As investigators in Egypt begin the hunt for Hosni Mubarak's fortune, the former president's involvement in an early 1980s arms scandal could provide clues to how he and his family amassed their estimated billions through decades of alleged kickback schemes and corrupt business dealings.
The scandal revolved around a federal probe into allegations that a firm transporting American arms to Egypt had embezzled millions of dollars under an exclusive Pentagon contract established following the historic Camp David peace agreement with Israel in 1978.
"There were many, many weapons, and billions of dollars in armaments that needed to be shipped. It was an enormous job," says Ibrahim Oweiss, a Georgetown University professor and an economist who headed Egypt's economic mission to the U.S. at the time.
Within three years of founding a company known as the Egyptian American Transport and Service, or EATSCO, an Egyptian businessman named Hussein Salem and his American partner were under federal investigation on charges they ripped off the U.S. government by padding the shipping costs for the arms by $8 million.
"Hussein was the façade for the Mubarak family," said Oweiss, who met Salem around that time and knew of his ties to the Egyptian intelligence community and Mubarak's brother-in-law, then a top Egyptian military procurement official.
Salem pleaded guilty to the charges, and agreed to reimburse $3 million to the U.S. government and pay a $40,000 fine, according to news reports. He went on to become one of Mubarak's closest confidantes and a successful businessman with interests in Egypt's natural gas industry as well as hotel and resort holdings, including the Sharm-el-Sheikh resort where Mubarak now lives full time.
The EATSCO scandal, which also ensnared former CIA operatives and high-ranking Pentagon officials, caused a stir in diplomatic quarters and threatened to damage the newly formed strategic relationship between the U.S. and Egypt after it was revealed that a rogue former CIA operative who had been accused of selling arms to Egypt's arch-enemy Libya was involved in the firm's dealings.
Edwin P. Wilson, the accused former CIA officer, claimed to have put up the initial $500,000 investment in EATSCO but says he was later double-crossed by another former CIA operative who elbowed him out of the EATSCO partnership.
At the time, officials in Egypt denied knowledge of the embezzlement scheme or the dealing with former CIA operatives.
Wilson now says that operation was a "front" for Egyptian intelligence, and that Mubarak was "deeply involved" in setting up the operation and installing Hussein Salem as Egypt's "front man" in Washington. "This was all handled by Mubarak and the military attaché in Washington," says Wilson, who served 22 years in federal prison for charges that he sold arms to Libya and plotted to kill federal prosecutors.
Through it all, Wilson maintained his activities had been sanctioned by the CIA. He was released from prison in 2004 after a federal judge found that government prosecutors and the CIA had covered up evidence in his case to avoid embarrassment.

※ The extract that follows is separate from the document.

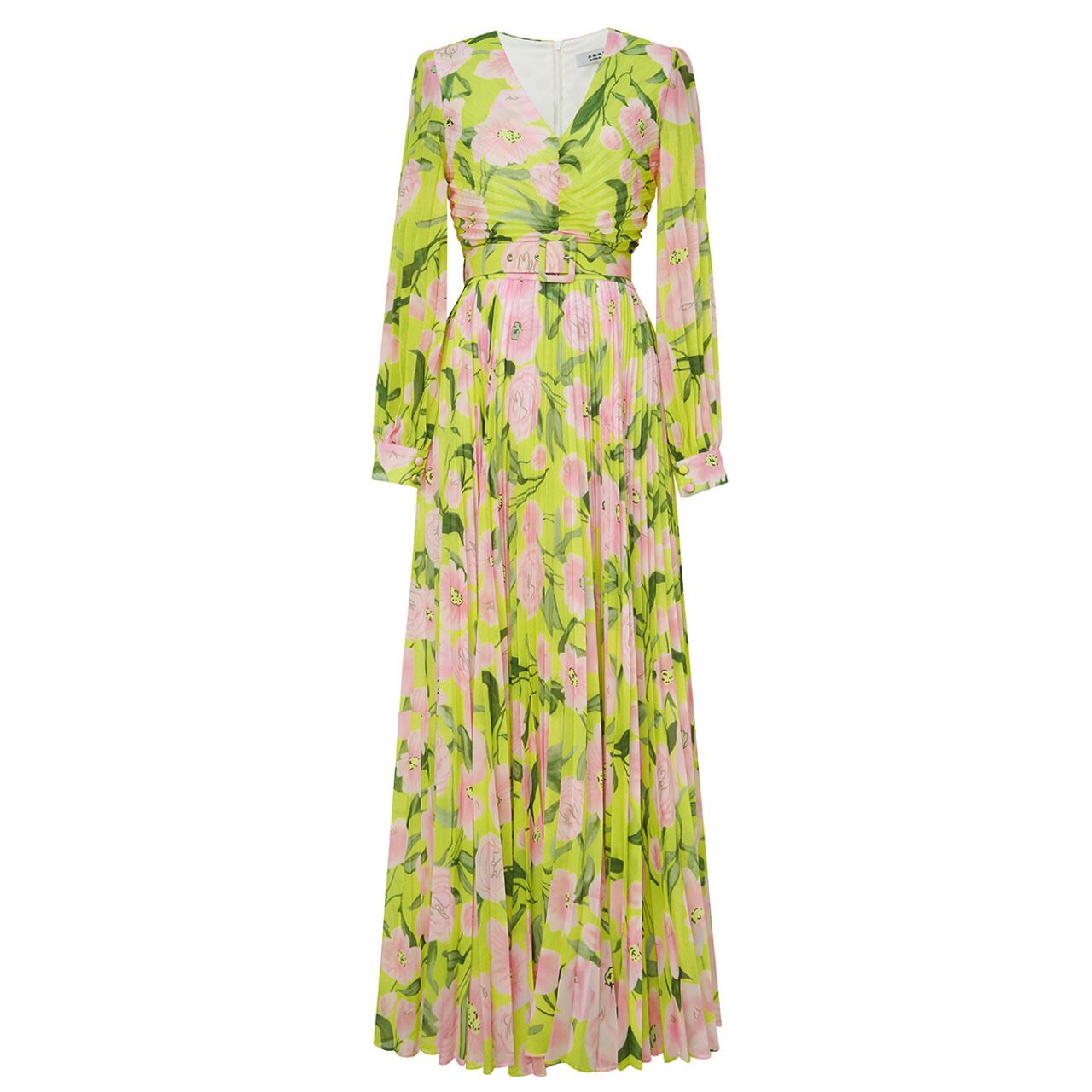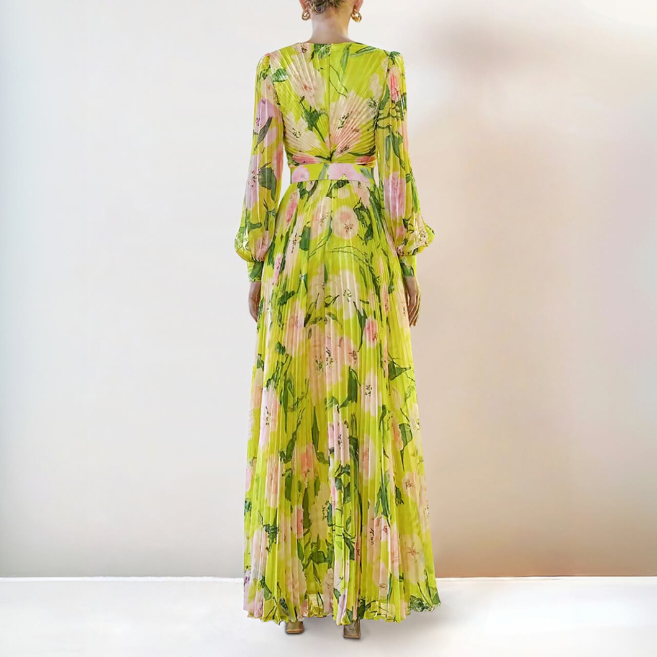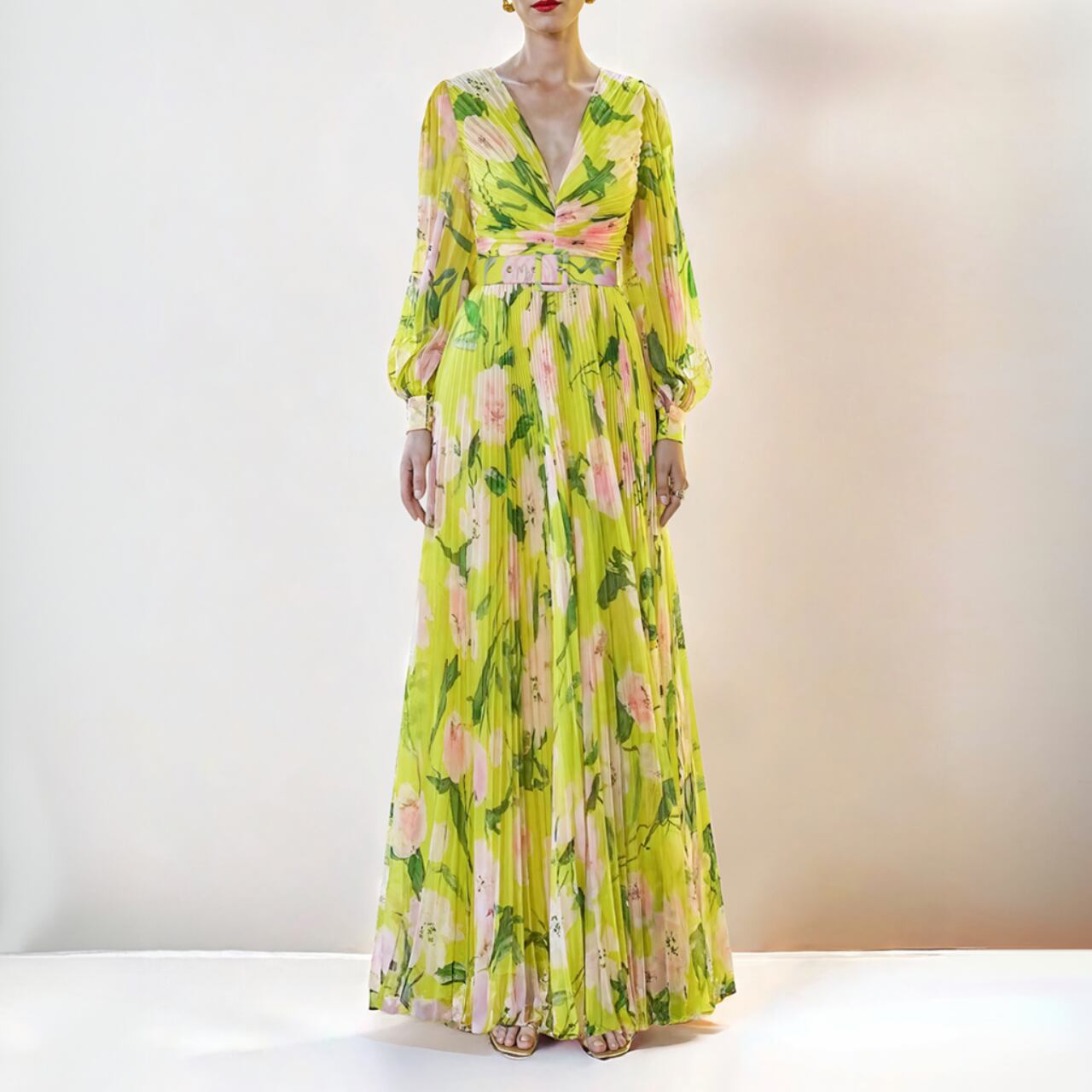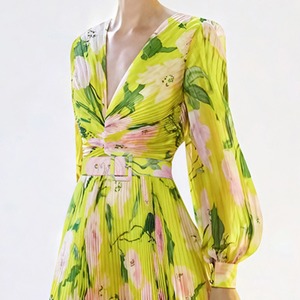 春夏の特別なひとときにぴったりな、鮮やかな黄色の花柄ロングドレス。 深いVネックで女性らしいシルエットを演出 。どんなシーンでも視線を引きつけるこのドレスで、ワンランク上のスタイルを楽しんでみませんか。

Robert Springborg, a professor of national security affairs at the Naval Postgraduate School and an expert on the Egyptian economy, says that throughout the 1980s U.S. officials largely turned a blind eye to allegations of bribery and kickbacks involving foreign military aid to Egypt, despite numerous complaints from American contractors, and a GAO report citing the aid program's vulnerability for abuse.
"A few hundred thousand dollars there, a million here, ten million here -- it was not considered important," said Springborg. "It was a strategic breakthrough for the United States. We'd pulled away the key Middle East actor, we got peace with Israel, what are a few hundreds of millions of dollars? That was the whole mindset."
Springborg believes that, in the end, the money the Mubarak family accumulated through corruption schemes involving U.S. aid was "small bananas" compared to the windfall they likely made helping businessman, like Salem, establish monopolies in the natural gas, steel, iron, and telecommunication sectors.
"The Mubarak family had relations with a host of different business people," said Springborg. "There has been a huge amount of money that's been picked up by various people through kickbacks, essentially to the Mubaraks."
The task of recovering that money will be daunting and enormous, says Springborg, with many of Mubarak's assets likely buried under layers of shell holding companies.
"Mubarak enlisted the very best and brightest to ensure that these assets be very well camouflaged," said Springborg. "Any attempt to get at this was beaten back with vigor."